Showing posts with label Lowenkopf. Show all posts

Friday, April 30, 2021

Words in Review: Picture Perfect Murder and Chocolate Chip Cookie Murder, Page 1

Full disclosure:  I obtained a Kindle copy of Picture Perfect Murder by Jenna St. James when it was offered free on Amazon.  I borrowed a Kindle copy of Chocolate Chip Cookie Murder by Joanne Fluke via Amazon Prime.  I do not know the authors nor have I ever communicated with them in any way about their books or any other subject.  I am a traditionally published author of historical romances, and self-published in contemporary romantic suspense and miscellaneous non-fiction.

Further disclosure:  I read both books in their entirety.

Chocolate Chip Cookie Murder was originally published by Kensington in 2000 as the first book in the series of cozy mysteries featuring amateur sleuth Hannah Swenson.  The digital edition is dated 2019 but contains no indication as far as having been revised and is also published by Kensington.

Picture Perfect Murder is copyrighted 2015 and published by the author, Jenna St. James.  This is the first book in the Ryli Sinclair cozy mystery series.

Both books have high ratings on Goodreads, as these screenshots from 22 April 2021 show.

 



 

The Fluke book may have negatively benefited from being older and added to Goodreads at the site's beginning, circa 2007, when critical reviews were less likely to be pulled down by thin-skinned authors. The over-all rating for this traditionally published book is only 3.70, where St. James' effort, though published by the author, received 4.24.

It is a sad truth that after September 2013, Goodreads became much less friendly to critical reviewers, especially those who might not have read the whole book or were basing their criticism on something the author had done outside the actual writing of the book.  This action on the part of Goodreads was precipitated by the almost-publication of a book by a young self-publishing author who got some negative reviews even though her book had not been officially published.  Readers flocked to her book to give it five-star ratings -- even though they couldn't have read it because it wasn't published -- in sympathy to the negative reviews she received.  This ultimately evolved into what became known as the Great Purge of 2013, when certain critical reviewers were banned from the platform. . . and critical reviews brought risks to the reviewers.

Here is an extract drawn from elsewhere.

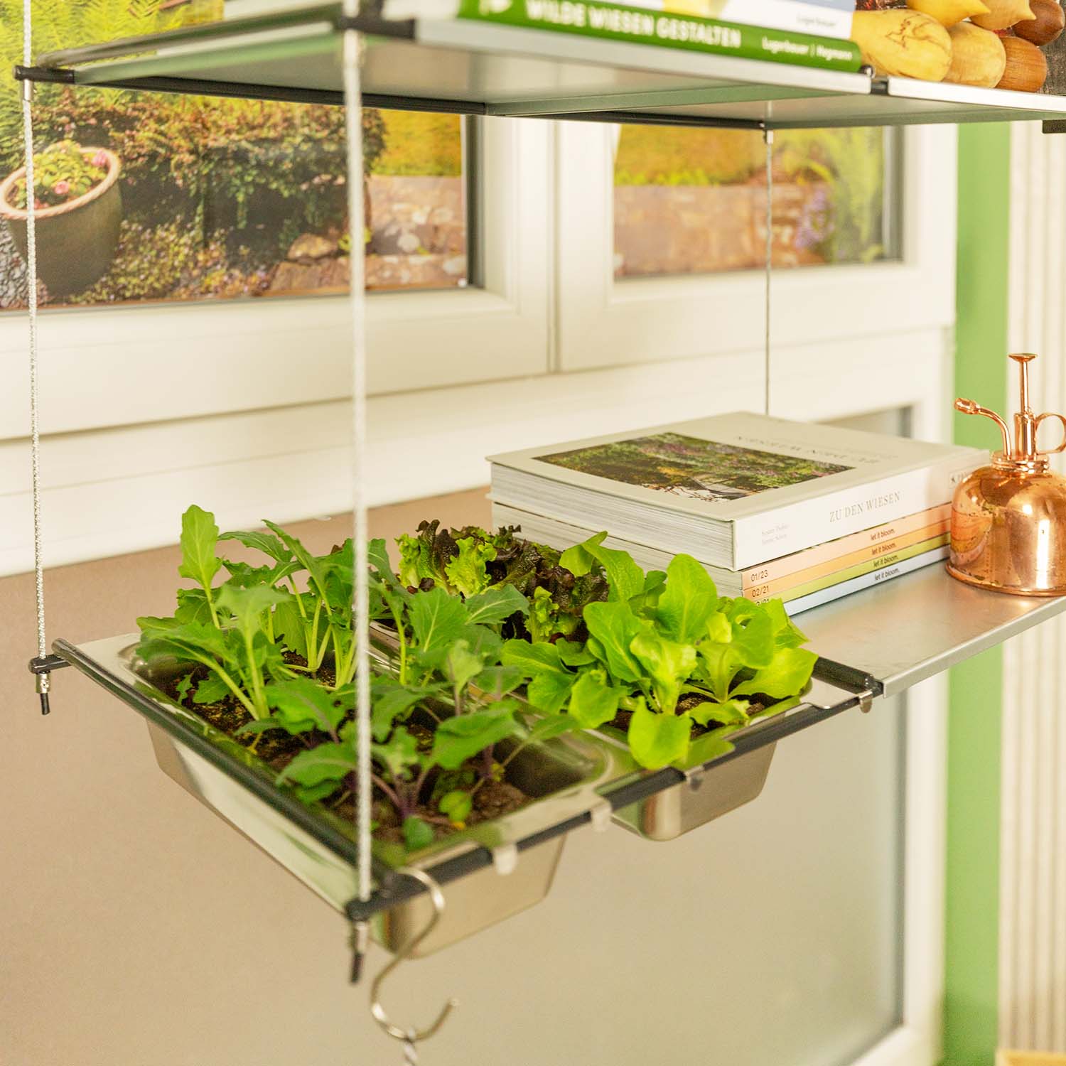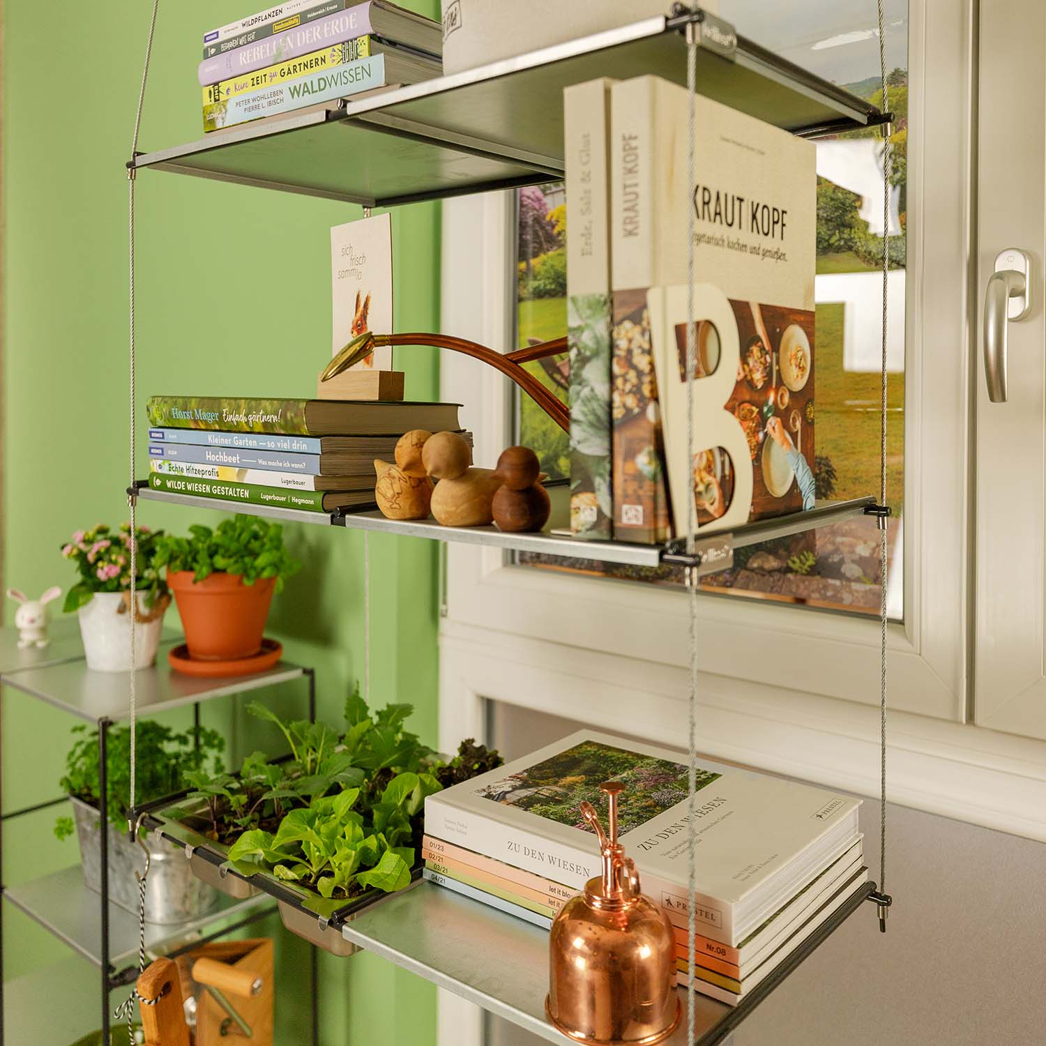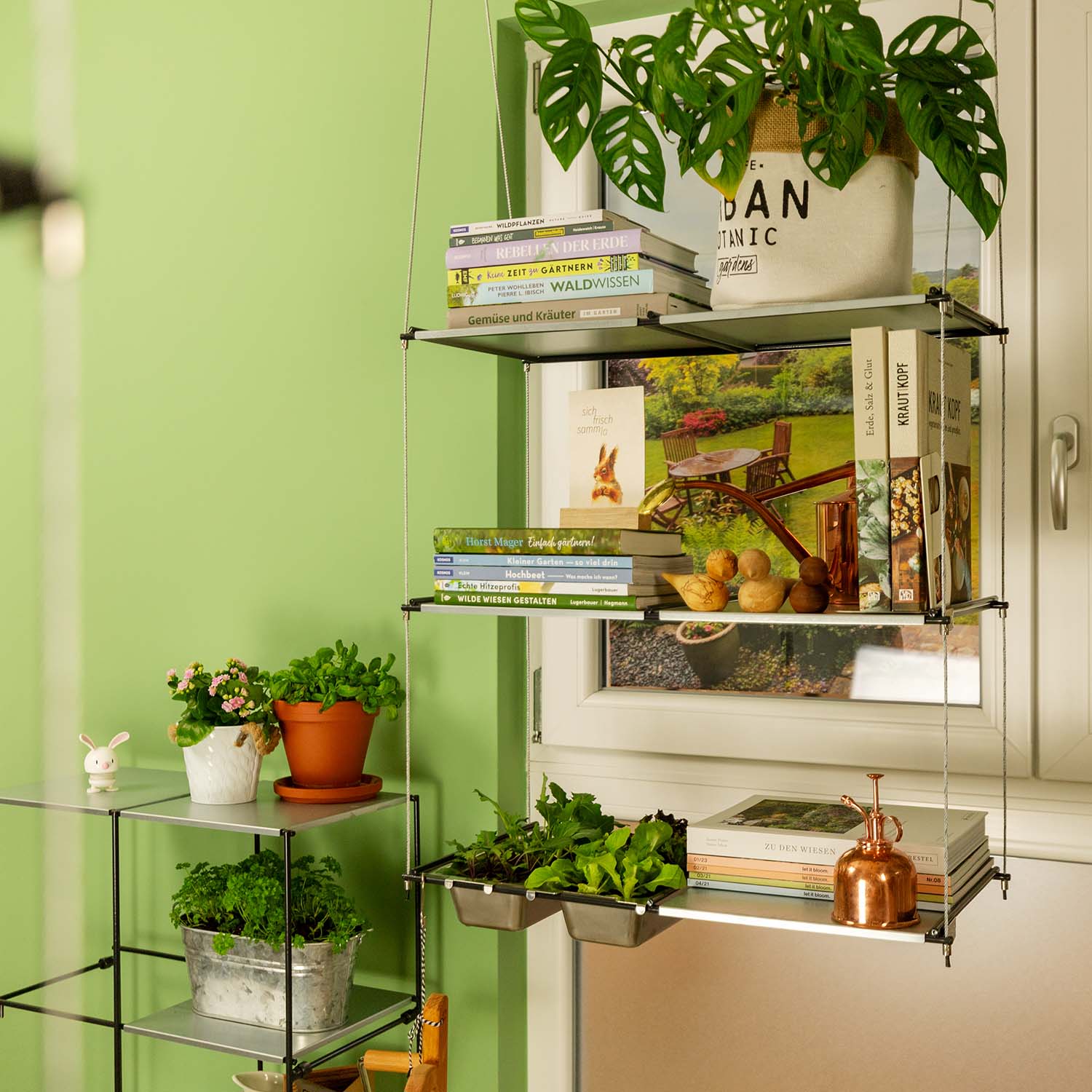 Das Hängeregal dient nicht nur als Raumteiler, sondern bietet auch auf seinen Fachböden viel Platz für Pflanzen, Bücher und andere Dekorationsgegenstände.
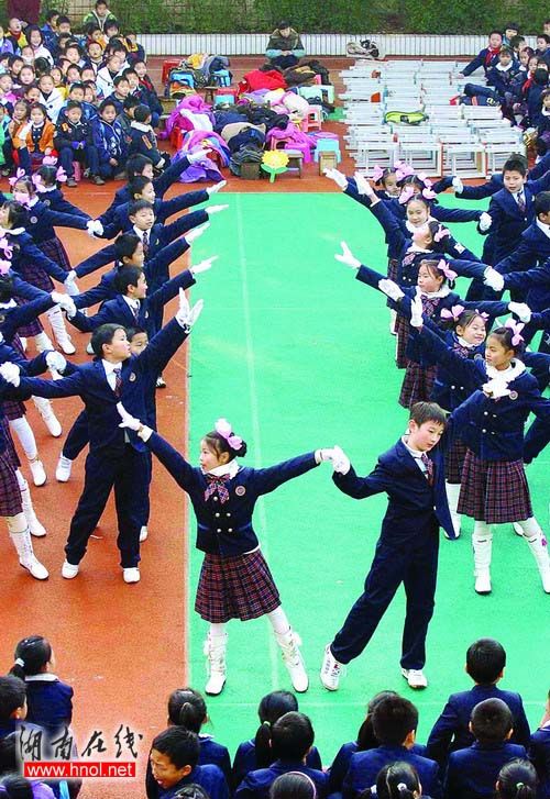 “開始全校學(xué)生學(xué)還是學(xué)了,但要達(dá)到美觀整齊的效果,要花大量的時(shí)間和精力,加上這個(gè)集體舞需要男女同學(xué)相互配合,動(dòng)作比較多,學(xué)好并練熟練的難度比較大,因而到這個(gè)學(xué)期就停了。”長沙市第28中一位班主任老師說。

The message had been sent that Goodreads, as an arm of Amazon, was in the business of selling books, and bad reviews don't sell as many books as good ones.

Setting aside, then, the ratings on Goodreads as potential gauges of writing quality, how do these two books compare?

Picture Perfect Murder is pretty terrible.  Chocolate Chip Cookie Murder isn't a whole lot better.

Of course, that is only my opinion, and I am only one person, one reader, one writer.

Reviews are for readers.  If you've read any of my writing on reviewing, you  know how adamant I am that reviews are not for writers, that writers would do well to never read their reviews and do better to never confront their reviewers.  But writers, especially the self-publishing authors, often claim that they have an interest in those reviews beyond just wanting to know if someone liked or disliked their book.  Whether they feel entitled to it or not, they want those reviews to provide feedback, to help them improve, to tell them what it was that made a reviewer not love their book.

Most readers aren't in a position to do that, and they should never feel obligated to do so.  As I have said often enough, a reader may not even be qualified to render the kind of advice the writer wants.  Sometimes the reader may be entirely wrong in their criticism, whether it's about grammar and punctuation, factual research, story structure, or anything else.  If the writer herself isn't sufficiently knowledgeable, she may take that advice and make what's already correct about her book incorrect.

Writers who want feedback on their work should ideally get that feedback before the book is published, so that the product reaching the reading public is the very best it can be.  For the writer who goes the traditional route, the publisher will presumably fix all the problems since they have a substantial investment in making sure readers don't find problems.

The self-publishing author, however, has only herself to rely on.  If she can afford a professional editor, that may help, but not all those who bill themselves as professional editors really are.  Some of them are no better qualified to edit than the authors themselves.  How is an author to know who to trust?  If the author's own skills aren't top-notch, she may indeed not know.

In a few words, it's a crap shoot.

I can't "fix" every book that falls short.  I can't turn every manuscript into a best-seller.  Nor am I even proposing to try.  But I think what I can do is offer the kind of feedback some writers may be looking for through a detailed analysis of books I personally have found to be seriously lacking in quality.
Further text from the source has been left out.